#### RECORDED DATA ####

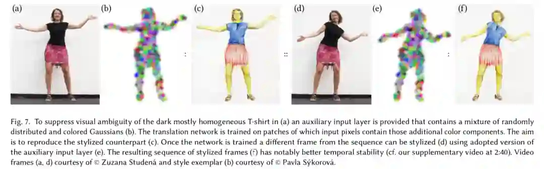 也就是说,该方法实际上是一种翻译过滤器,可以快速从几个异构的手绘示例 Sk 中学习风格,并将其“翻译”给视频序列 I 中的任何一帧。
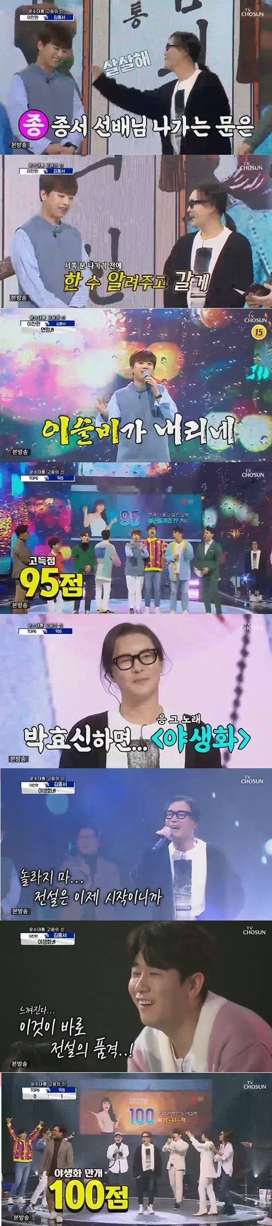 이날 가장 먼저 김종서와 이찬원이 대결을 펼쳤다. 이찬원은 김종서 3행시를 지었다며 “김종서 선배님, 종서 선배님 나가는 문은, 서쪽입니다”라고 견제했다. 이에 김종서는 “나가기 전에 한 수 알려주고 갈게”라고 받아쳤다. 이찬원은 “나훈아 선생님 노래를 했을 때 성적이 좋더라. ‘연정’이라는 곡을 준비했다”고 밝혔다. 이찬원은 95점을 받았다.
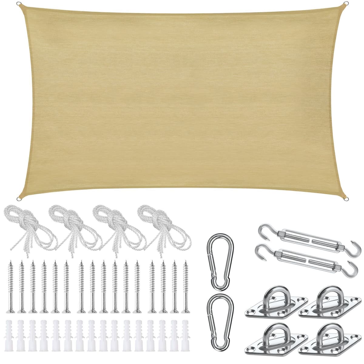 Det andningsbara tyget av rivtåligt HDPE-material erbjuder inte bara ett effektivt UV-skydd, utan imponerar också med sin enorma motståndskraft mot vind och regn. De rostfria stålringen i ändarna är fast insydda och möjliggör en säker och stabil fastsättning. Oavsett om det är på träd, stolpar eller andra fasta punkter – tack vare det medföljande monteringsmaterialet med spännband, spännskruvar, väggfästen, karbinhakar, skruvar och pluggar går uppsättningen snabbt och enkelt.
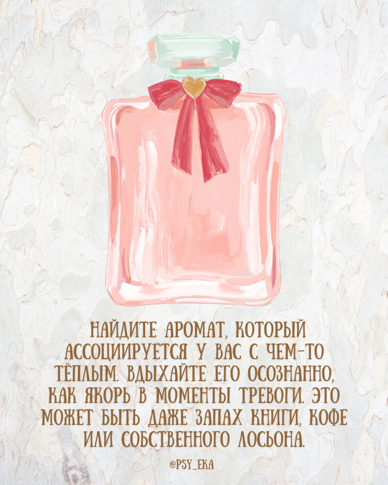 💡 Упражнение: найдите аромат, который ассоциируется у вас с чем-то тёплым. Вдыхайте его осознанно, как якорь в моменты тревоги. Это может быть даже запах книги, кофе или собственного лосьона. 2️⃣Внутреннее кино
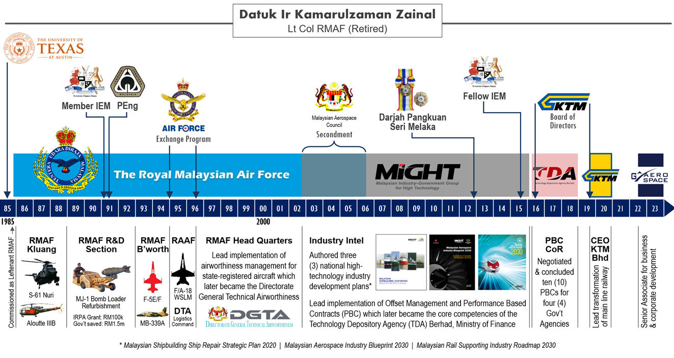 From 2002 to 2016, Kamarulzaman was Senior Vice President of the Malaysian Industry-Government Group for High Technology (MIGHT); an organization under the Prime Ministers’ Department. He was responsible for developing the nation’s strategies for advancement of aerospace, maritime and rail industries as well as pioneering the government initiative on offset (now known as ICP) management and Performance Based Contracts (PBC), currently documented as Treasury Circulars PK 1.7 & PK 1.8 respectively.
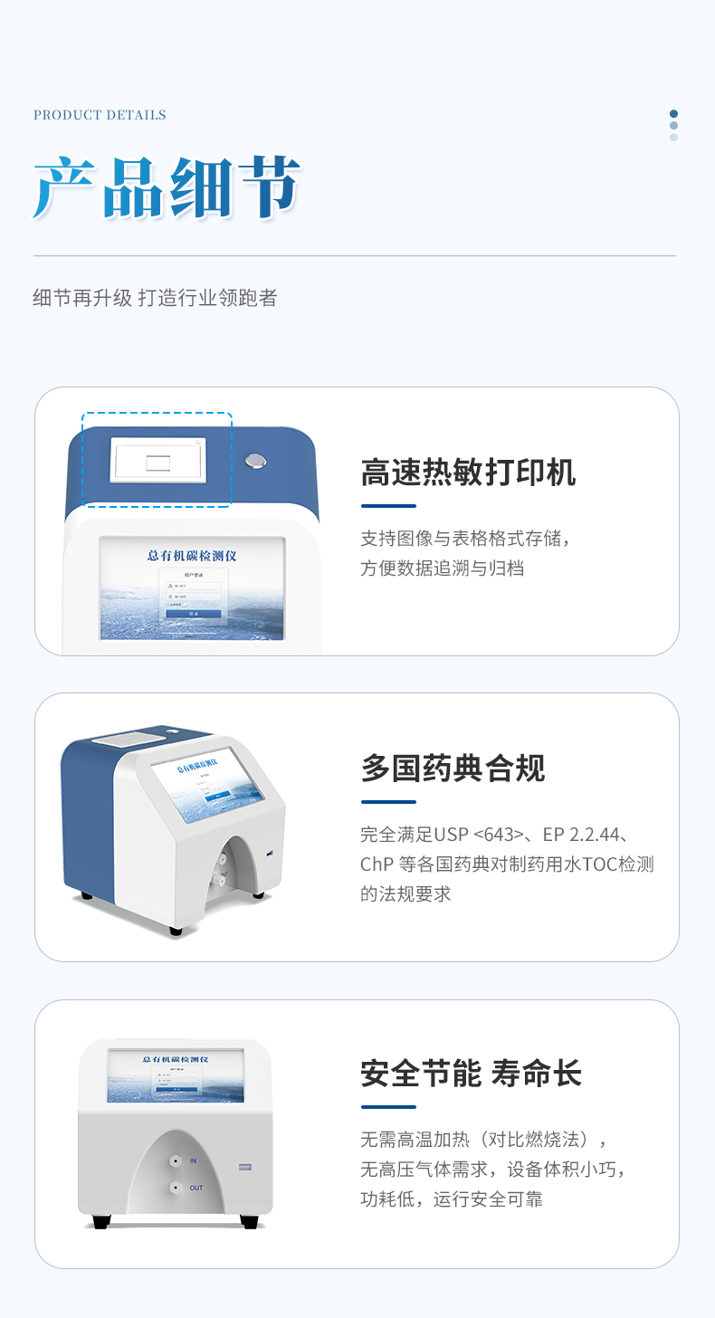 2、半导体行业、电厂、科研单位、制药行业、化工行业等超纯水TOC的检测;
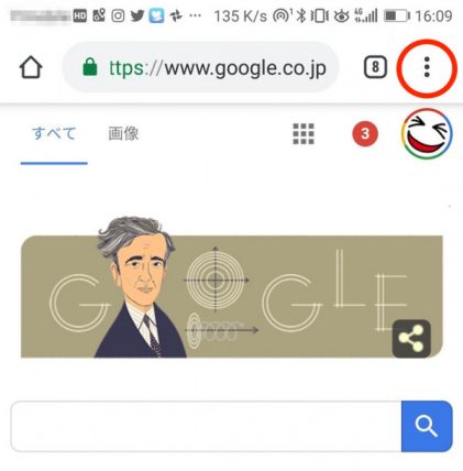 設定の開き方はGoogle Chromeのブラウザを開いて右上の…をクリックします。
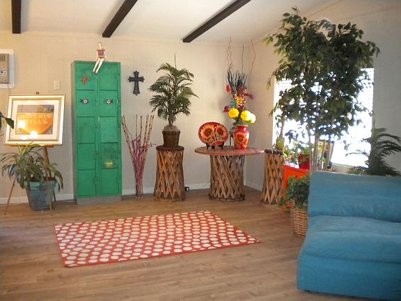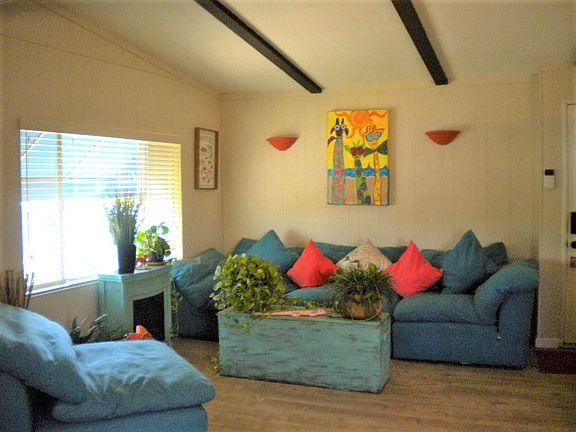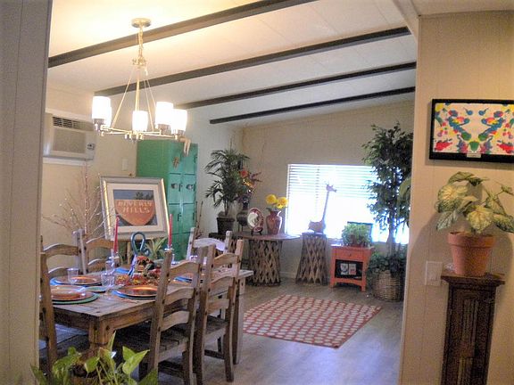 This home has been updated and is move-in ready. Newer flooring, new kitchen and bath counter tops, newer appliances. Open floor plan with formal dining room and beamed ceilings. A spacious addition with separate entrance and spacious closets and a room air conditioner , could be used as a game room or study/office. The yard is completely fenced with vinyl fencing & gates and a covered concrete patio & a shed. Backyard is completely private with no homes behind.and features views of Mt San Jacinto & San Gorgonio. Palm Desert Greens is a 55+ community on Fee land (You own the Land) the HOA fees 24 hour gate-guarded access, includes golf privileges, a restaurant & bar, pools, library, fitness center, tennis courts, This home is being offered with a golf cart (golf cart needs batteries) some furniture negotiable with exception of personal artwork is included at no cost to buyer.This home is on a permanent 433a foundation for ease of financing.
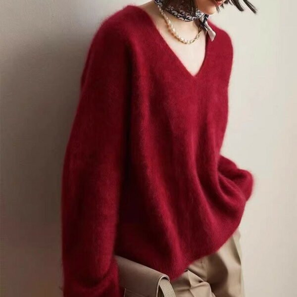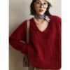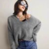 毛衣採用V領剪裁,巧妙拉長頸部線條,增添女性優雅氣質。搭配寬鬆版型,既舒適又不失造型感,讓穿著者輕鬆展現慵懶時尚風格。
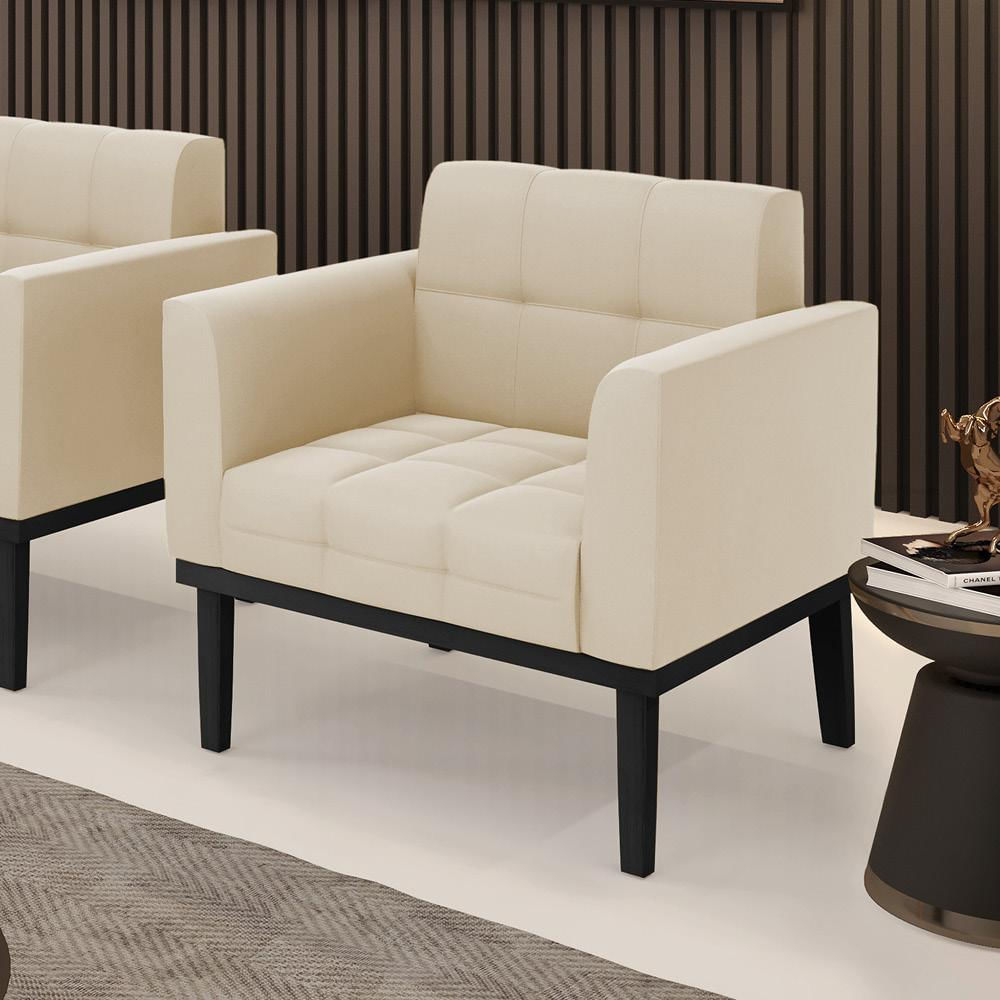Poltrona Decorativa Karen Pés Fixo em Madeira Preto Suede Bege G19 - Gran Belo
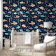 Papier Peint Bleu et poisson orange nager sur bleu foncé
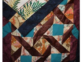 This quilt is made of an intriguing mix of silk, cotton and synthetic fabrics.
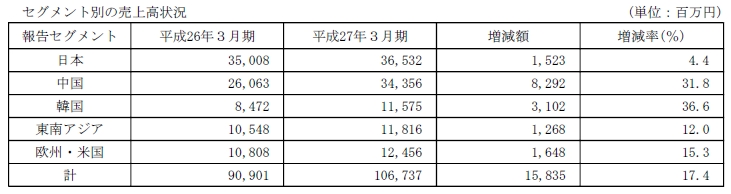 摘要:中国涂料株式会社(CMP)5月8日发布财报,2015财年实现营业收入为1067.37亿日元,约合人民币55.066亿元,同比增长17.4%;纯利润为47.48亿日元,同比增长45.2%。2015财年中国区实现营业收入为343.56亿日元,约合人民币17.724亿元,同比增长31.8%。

####

ACTIVITY → Copy exactly what appears in the entries, beginning with the first line and ending with the line that has "設定の開き方はGoogle Chrome", but not the pictures.

ANSWER SPACE →
 也就是说,该方法实际上是一种翻译过滤器,可以快速从几个异构的手绘示例 Sk 中学习风格,并将其“翻译”给视频序列 I 中的任何一帧。
 이날 가장 먼저 김종서와 이찬원이 대결을 펼쳤다. 이찬원은 김종서 3행시를 지었다며 “김종서 선배님, 종서 선배님 나가는 문은, 서쪽입니다”라고 견제했다. 이에 김종서는 “나가기 전에 한 수 알려주고 갈게”라고 받아쳤다. 이찬원은 “나훈아 선생님 노래를 했을 때 성적이 좋더라. ‘연정’이라는 곡을 준비했다”고 밝혔다. 이찬원은 95점을 받았다.
 Det andningsbara tyget av rivtåligt HDPE-material erbjuder inte bara ett effektivt UV-skydd, utan imponerar också med sin enorma motståndskraft mot vind och regn. De rostfria stålringen i ändarna är fast insydda och möjliggör en säker och stabil fastsättning. Oavsett om det är på träd, stolpar eller andra fasta punkter – tack vare det medföljande monteringsmaterialet med spännband, spännskruvar, väggfästen, karbinhakar, skruvar och pluggar går uppsättningen snabbt och enkelt.
 💡 Упражнение: найдите аромат, который ассоциируется у вас с чем-то тёплым. Вдыхайте его осознанно, как якорь в моменты тревоги. Это может быть даже запах книги, кофе или собственного лосьона. 2️⃣Внутреннее кино
 From 2002 to 2016, Kamarulzaman was Senior Vice President of the Malaysian Industry-Government Group for High Technology (MIGHT); an organization under the Prime Ministers’ Department. He was responsible for developing the nation’s strategies for advancement of aerospace, maritime and rail industries as well as pioneering the government initiative on offset (now known as ICP) management and Performance Based Contracts (PBC), currently documented as Treasury Circulars PK 1.7 & PK 1.8 respectively.
 2、半导体行业、电厂、科研单位、制药行业、化工行业等超纯水TOC的检测;
 設定の開き方はGoogle Chromeのブラウザを開いて右上の…をクリックします。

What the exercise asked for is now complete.